Just after some advice.

I have just got a Golf GTI and the steering seems to wine a bit when stationary and on turning of the wheel it gets worse :? :?

It has only been doing it for the last few days, any ideas :?:

Cheers


----------



## YELLOW_TT (Feb 25, 2004)

is it a mk4 or mk5 i have a mk4 gti and no wines from the steering at any time


----------



## Jamie225 (Jan 4, 2005)

Its a 51 plate.

It doed not sound healthy :? :?

Anyone any ideas :?:


----------



## coupe-sport (May 7, 2002)

Sounds like the pump.

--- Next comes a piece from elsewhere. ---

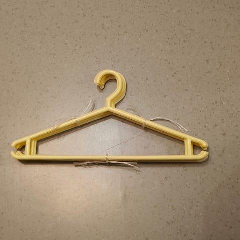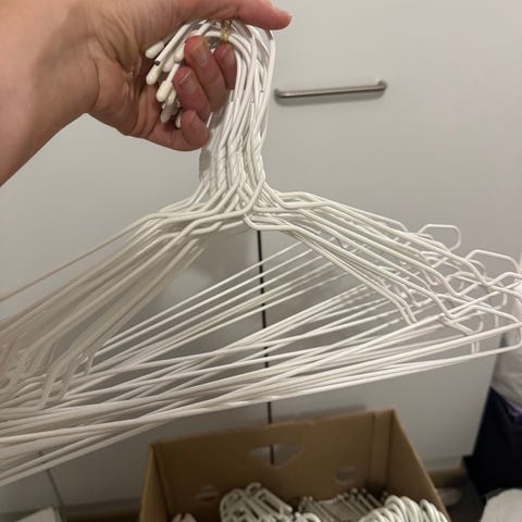 Henkareissa sellanen kumisen oloinen pinta, jonka ansiosta vaatteet pysyy hyvin henkarissa.

Worth checking that the fluid level is ok and secondly that the belt tension is right. When you turn the wheel the pump has to work harder hence the increase in noise due to the loading.

James.


----------



## Jamie225 (Jan 4, 2005)

where is this located under the bonnet?

Does it have a yellow top on it?

Is it safe to take off, ie not pressurised?

Cheers


----------



## Jamie225 (Jan 4, 2005)

wak-tt web site has picture of the location of the power steering fluid. Turns out theres none in there, just hope it gets me home to the local Halfords.

Cheers all



See below for further details.

http://www.wak-tt.com/links/links.htm


----------



## Jamie225 (Jan 4, 2005)

Does anyone know what grade to use?


----------



## thejepster (Mar 29, 2005)

Red? White? Rose?

http://www.********.co.uk/gallery/thejepster/wine%20bottles.jpg

:wink:


----------



## Jamie225 (Jan 4, 2005)

Has anyone had problems with losing power steering fluid?

I have not lost any on the driveway :?

Does any one have any idea's.

I only topped it up last week and its down again?

Cheers


----------



## V6TT (Jul 10, 2005)

thejepster said:


> Red? White? Rose?
> 
> http://www.********.co.uk/gallery/thejepster/wine%20bottles.jpg
> 
> :wink:


beat me to it!


----------